(Stored data)
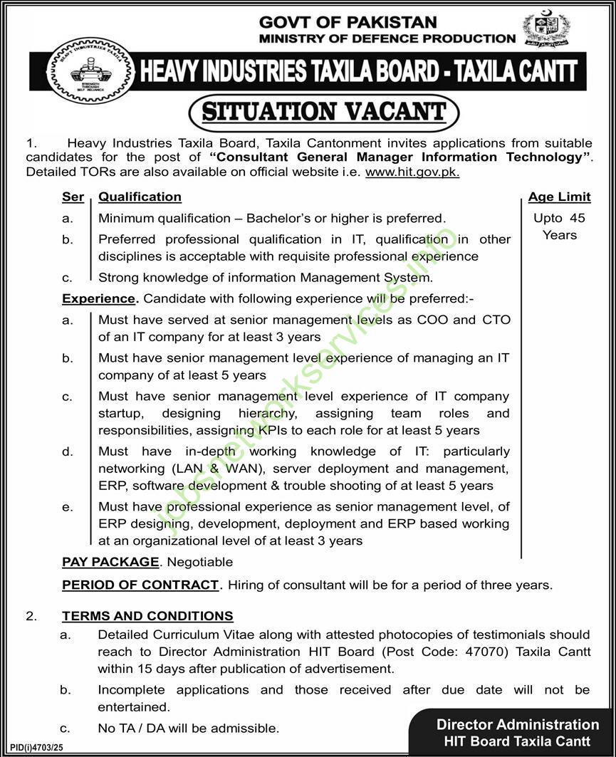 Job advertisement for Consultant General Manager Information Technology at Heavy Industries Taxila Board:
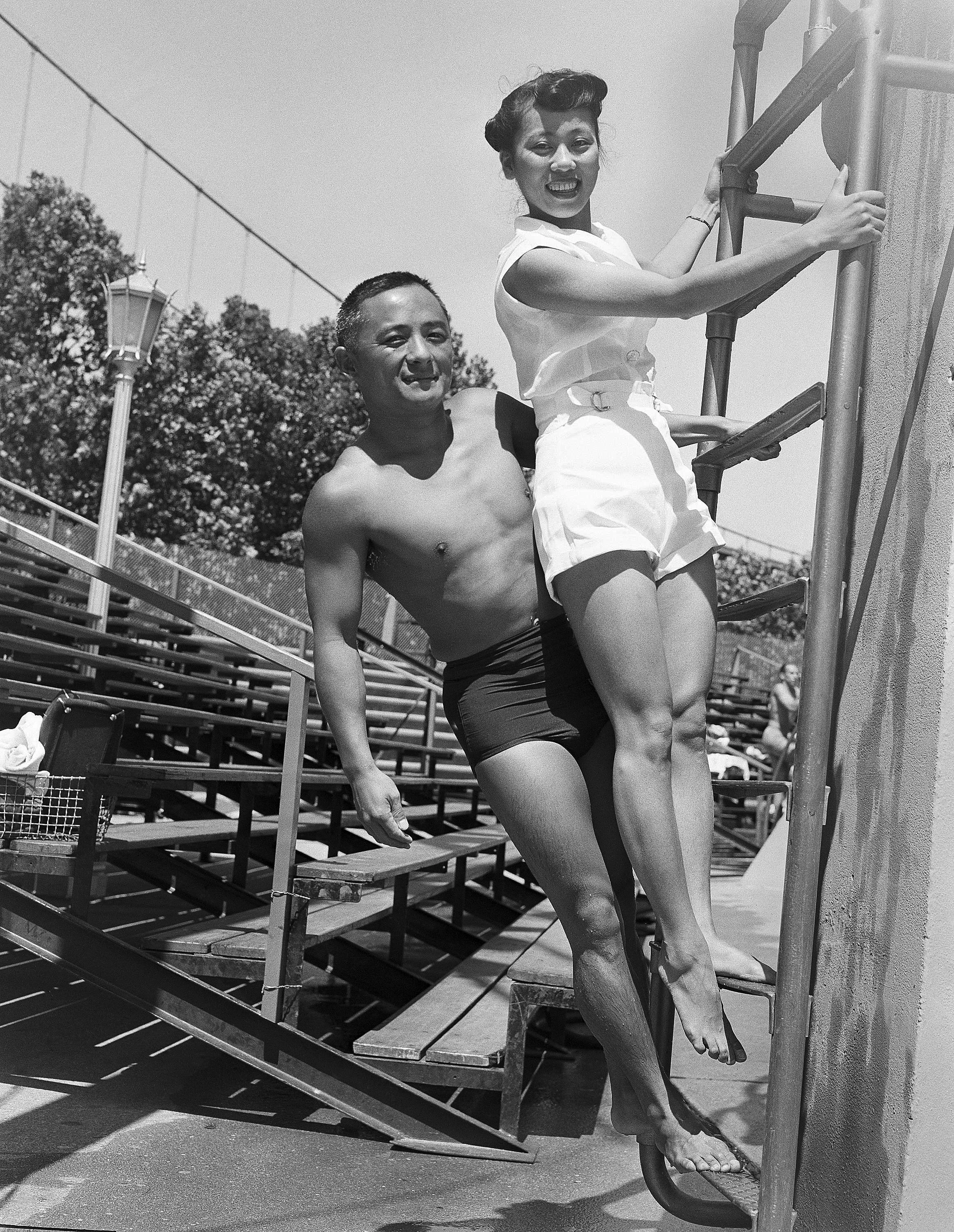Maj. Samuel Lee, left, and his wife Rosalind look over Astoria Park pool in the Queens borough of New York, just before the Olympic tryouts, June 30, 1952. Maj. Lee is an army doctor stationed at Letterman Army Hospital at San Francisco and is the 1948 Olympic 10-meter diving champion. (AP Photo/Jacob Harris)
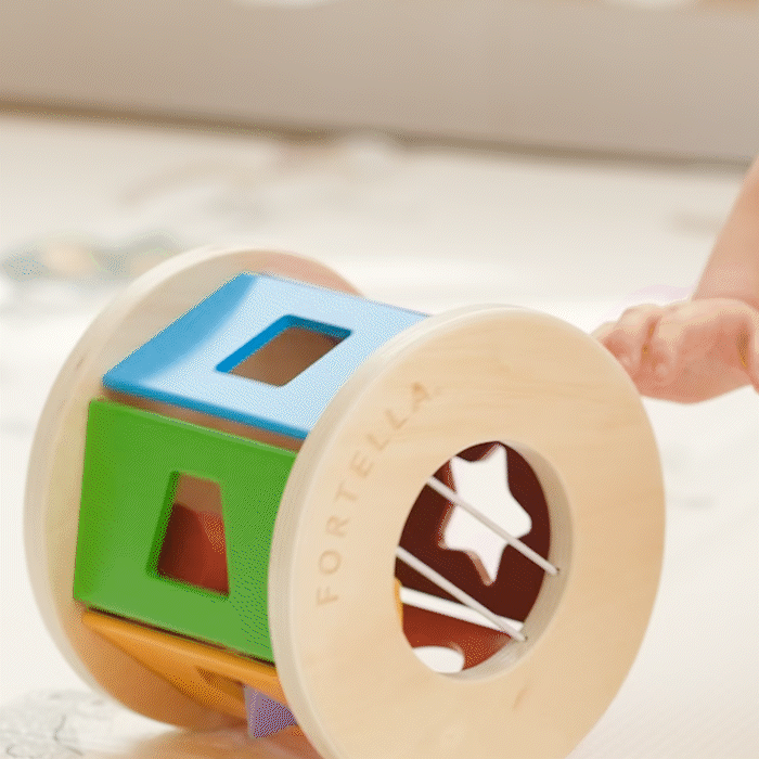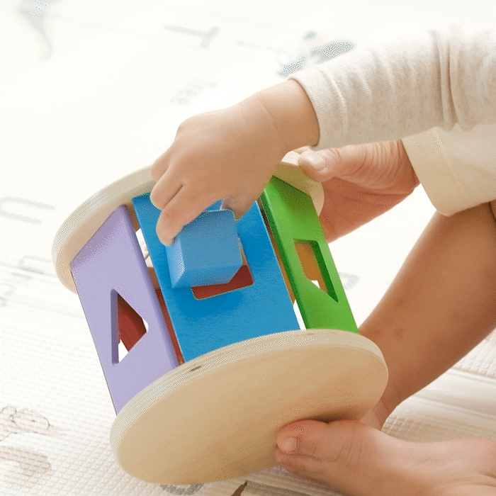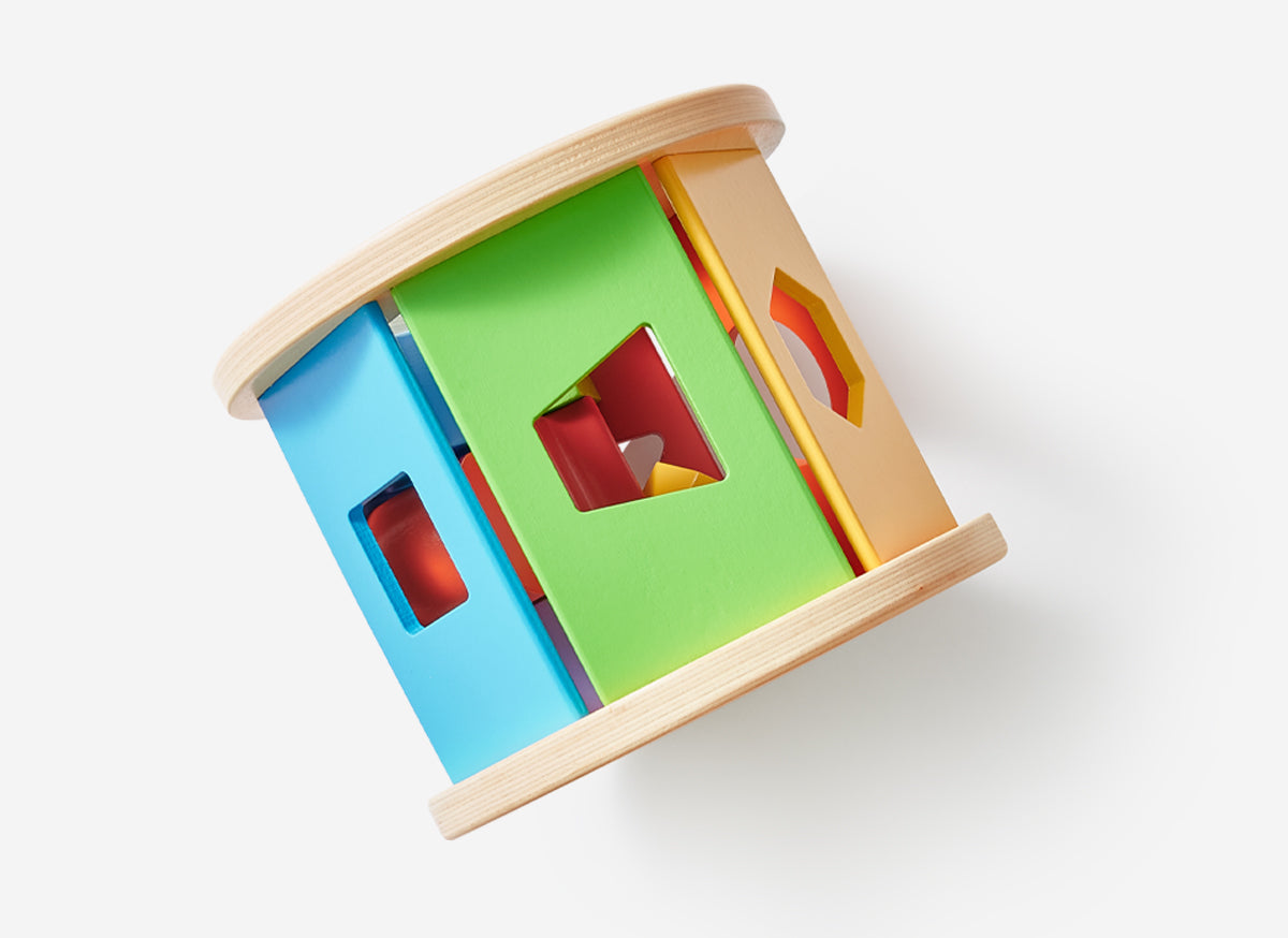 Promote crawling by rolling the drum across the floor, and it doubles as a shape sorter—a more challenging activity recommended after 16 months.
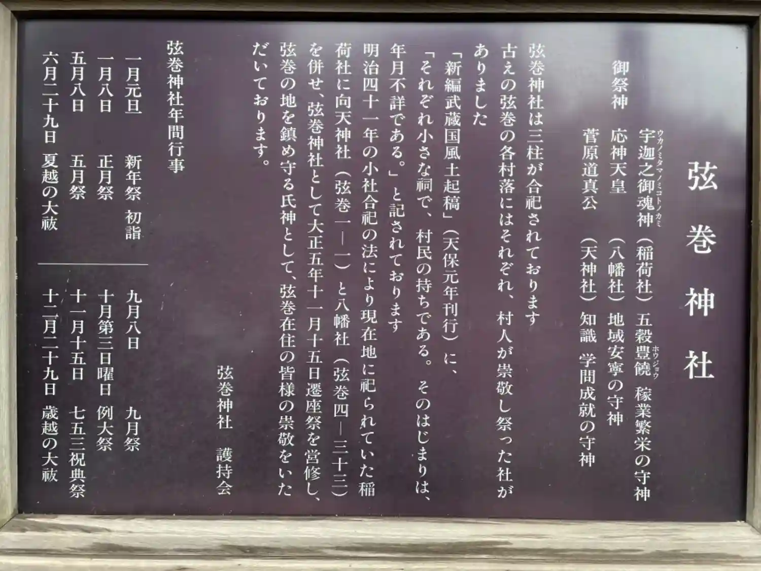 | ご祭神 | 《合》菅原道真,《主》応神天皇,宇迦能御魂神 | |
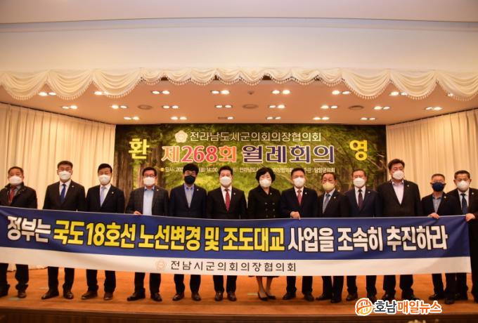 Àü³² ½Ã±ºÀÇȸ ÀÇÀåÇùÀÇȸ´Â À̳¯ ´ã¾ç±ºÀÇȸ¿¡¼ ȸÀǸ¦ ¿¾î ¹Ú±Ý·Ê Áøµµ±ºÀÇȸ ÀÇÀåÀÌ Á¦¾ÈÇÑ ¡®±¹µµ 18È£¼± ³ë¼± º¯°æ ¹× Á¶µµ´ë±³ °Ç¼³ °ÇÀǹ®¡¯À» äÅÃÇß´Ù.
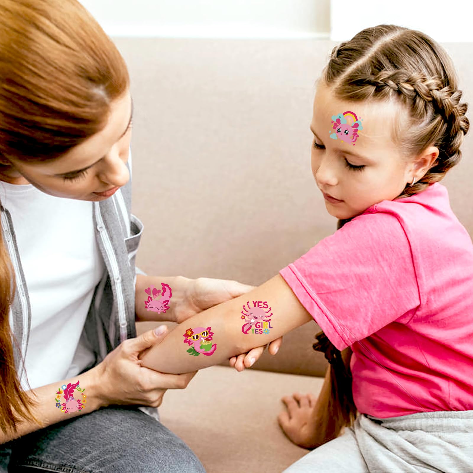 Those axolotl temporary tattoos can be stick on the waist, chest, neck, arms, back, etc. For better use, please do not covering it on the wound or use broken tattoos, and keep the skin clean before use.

- [Work request]:
Copy out, with no pictures, the lines from the one containing "Àü³² ½Ã±ºÀÇȸ ÀÇÀåÇùÀÇȸ´Â" through the last line of the data above, both ends included and each word unchanged.

- [The answer]:
 Àü³² ½Ã±ºÀÇȸ ÀÇÀåÇùÀÇȸ´Â À̳¯ ´ã¾ç±ºÀÇȸ¿¡¼ ȸÀǸ¦ ¿¾î ¹Ú±Ý·Ê Áøµµ±ºÀÇȸ ÀÇÀåÀÌ Á¦¾ÈÇÑ ¡®±¹µµ 18È£¼± ³ë¼± º¯°æ ¹× Á¶µµ´ë±³ °Ç¼³ °ÇÀǹ®¡¯À» äÅÃÇß´Ù.
 Those axolotl temporary tattoos can be stick on the waist, chest, neck, arms, back, etc. For better use, please do not covering it on the wound or use broken tattoos, and keep the skin clean before use.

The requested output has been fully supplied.